The train was delayed by forty minutes. Then a further twenty. Then a further ten, for reasons the conductor described as operational difficulties, which I have always suspected is code for we have absolutely no idea. I spent the journey wedged between a man who was eating something that smelled aggressively of fish and a woman whose phone was playing a podcast at a volume that suggested she wanted the entire carriage to benefit from it.
I am tired. I am slightly headachy. I am standing on a garden path in the gathering dusk, looking at a front door I have been dreading all day.
I’m wearing a shirt. And a beige sweater. My trousers are beige. I’m probably still not beige enough for my mother.
The sky, at least, is doing something spectacular. All deep orange and pink at the edges, the kind of sunset that looks painted. The kind that would be genuinely beautiful if I were anywhere else looking at it.
I take a breath of cool evening air. Right. Okay.
I ring the doorbell.
My mother opens the door before the sound has even finished. She looks me up and down in one swift, comprehensive sweep that takes in my hair, my jacket, my shoes, and my general existence, and finds all of it wanting.
“You look tired,” she says, which is her version of hello.
“Nice to see you too, Mum.”
“Come in, come in.” She steps back and waves me through with the urgency of someone trying to get a large, embarrassing object off the street before the neighbours notice. “Don’t stand there on the step.”
I step inside. The house smells like roasting meat and furniture polish and the particular floral air freshener she has used for as long as I can remember. It smells like childhood. Not entirely in a good way.
“You’re early,” she says, closing the door firmly behind me. “Your father isn’t down yet. James and Priya aren’t here yet either. Your aunt and uncle are in the sitting room.” She’s already moving towards the dining room, heels clicking on the parquet. “Come and help me with the napkins.”

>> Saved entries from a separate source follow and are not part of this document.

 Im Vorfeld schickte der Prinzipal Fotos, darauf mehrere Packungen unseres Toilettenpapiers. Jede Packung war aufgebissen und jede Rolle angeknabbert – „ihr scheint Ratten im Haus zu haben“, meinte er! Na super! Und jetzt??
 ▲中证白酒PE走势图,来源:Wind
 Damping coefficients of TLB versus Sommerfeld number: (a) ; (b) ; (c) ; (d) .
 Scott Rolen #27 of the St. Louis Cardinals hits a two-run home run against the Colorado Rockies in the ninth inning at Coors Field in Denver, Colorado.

So I find myself sitting at the dining room table, which has been laid with the good china and the tall candles and the napkins that apparently require folding. My mother demonstrates the fold she wants. It’s elaborate. It takes several tries before she’s satisfied with mine. She watches me fold napkins with the expression of someone enduring a significant inconvenience.
“Did you get a haircut?” she asks.
“No.”
She makes a sound.
“James got a promotion,” she says, not looking up from her own napkin.

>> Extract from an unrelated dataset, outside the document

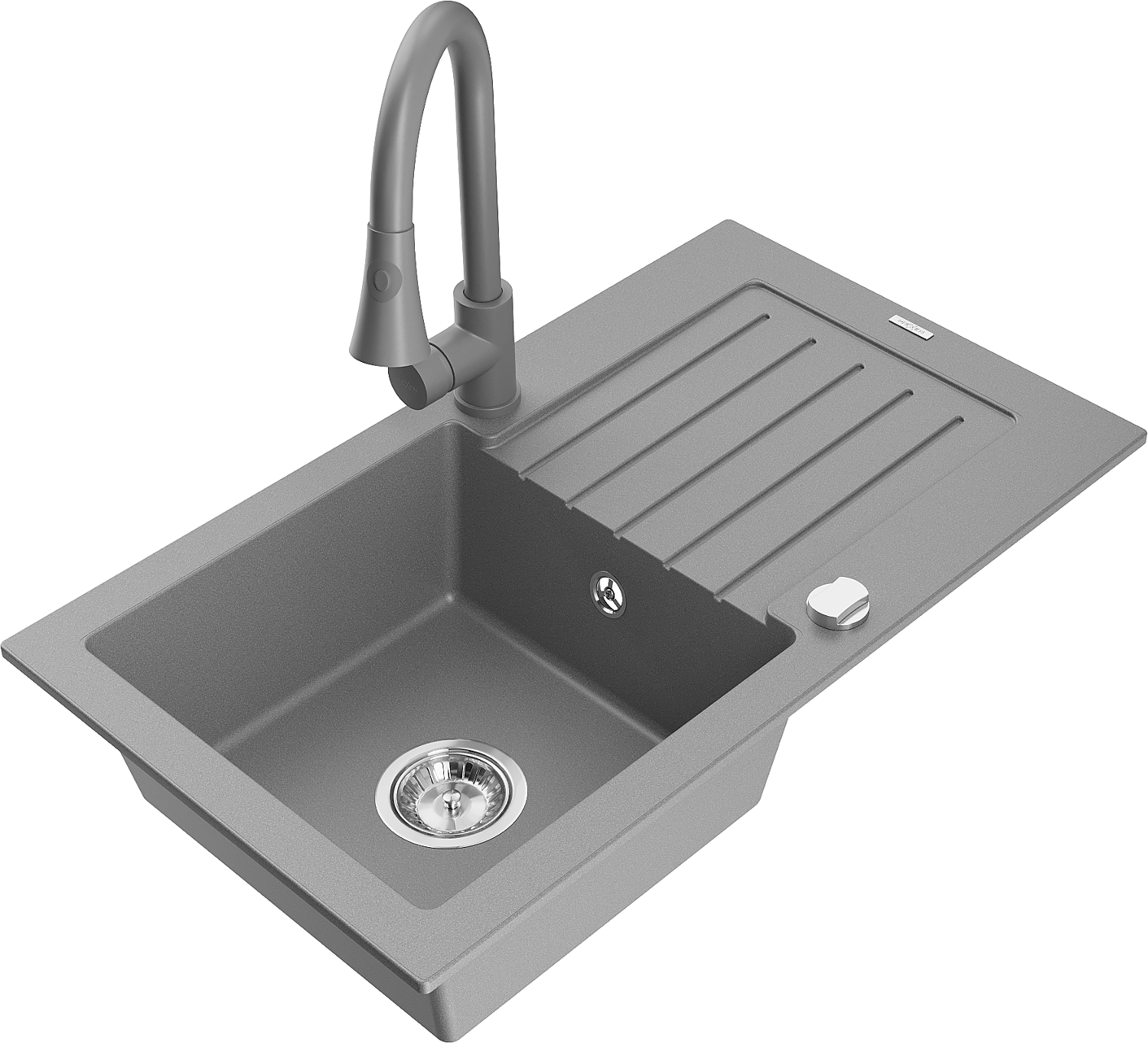 Mexen Pablo Гранитна мивка с една камера с отцедник и кухненски смесител Elia, сив - 6510-71-670101-71

“I know. You mentioned it.”
“Senior analyst. At his age.”
“Mm.”
“He’s also thinking about buying a house. In Clifton.” She says Clifton the way other people say Paris. “He and Priya have been looking at a lovely Victorian terrace.”
“That’s great for them.”
She gives me a look. The look. “Are you still at that coffee shop?”
“Yes.”
“And the flat? Your uncle is coming back in April.”
“I know, Mum.”
“So you’ll need to sort something out.”
“I know.”
“I’m just saying.”
She’s always just saying. She has been just saying for as long as I can remember and she will be just saying until one of us dies and possibly beyond that, knowing her.